▸ SUPPLIED INFORMATION
_ _ _ _
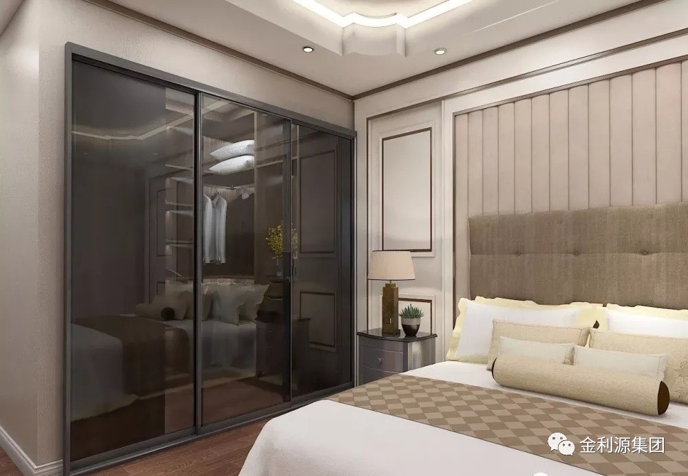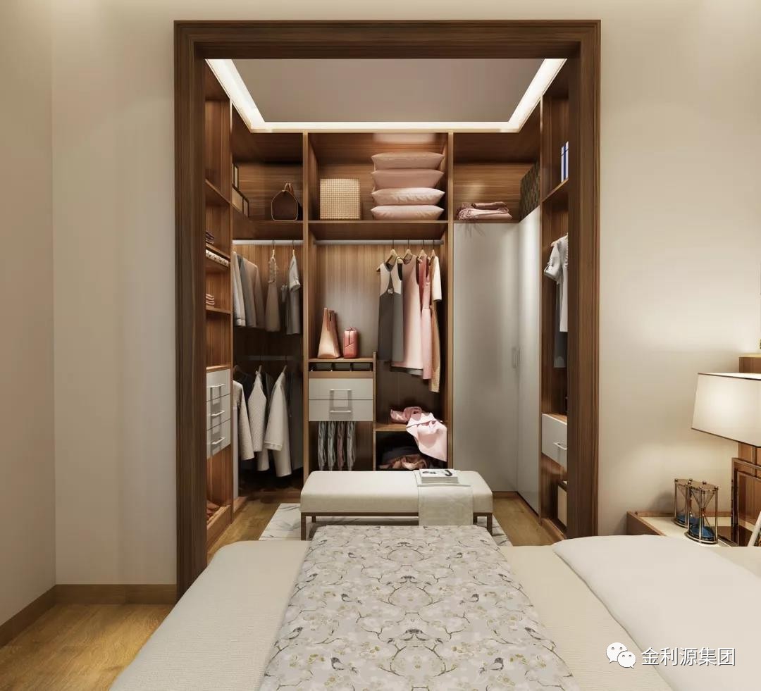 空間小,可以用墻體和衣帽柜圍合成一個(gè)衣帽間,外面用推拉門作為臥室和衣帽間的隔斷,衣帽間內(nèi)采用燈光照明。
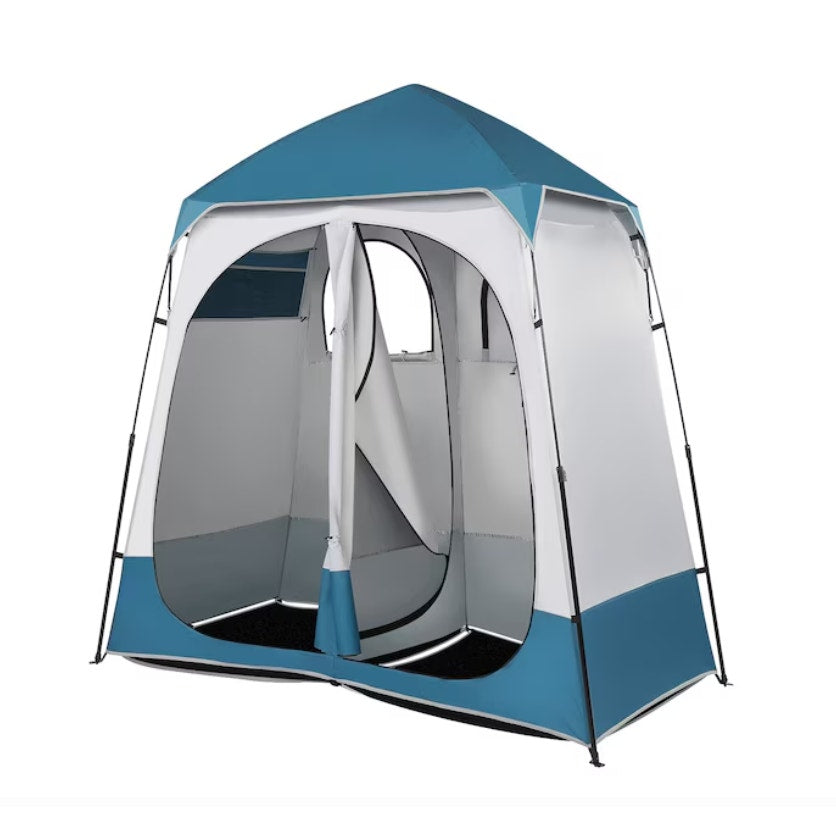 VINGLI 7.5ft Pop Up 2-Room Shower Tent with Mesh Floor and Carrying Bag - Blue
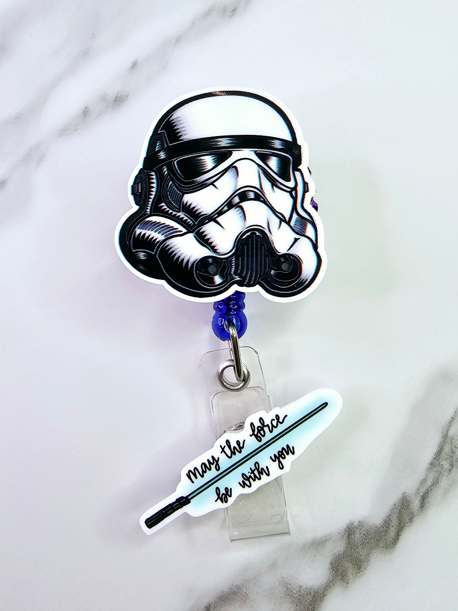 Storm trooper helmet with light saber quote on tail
_ _ _ _
▸ WHAT NEEDS TO BE DONE
A faithful, picture-free copy of the material is what this task asks for.

▸ RESPONSE TO THIS TASK
 空間小,可以用墻體和衣帽柜圍合成一個(gè)衣帽間,外面用推拉門作為臥室和衣帽間的隔斷,衣帽間內(nèi)采用燈光照明。
 VINGLI 7.5ft Pop Up 2-Room Shower Tent with Mesh Floor and Carrying Bag - Blue
 Storm trooper helmet with light saber quote on tail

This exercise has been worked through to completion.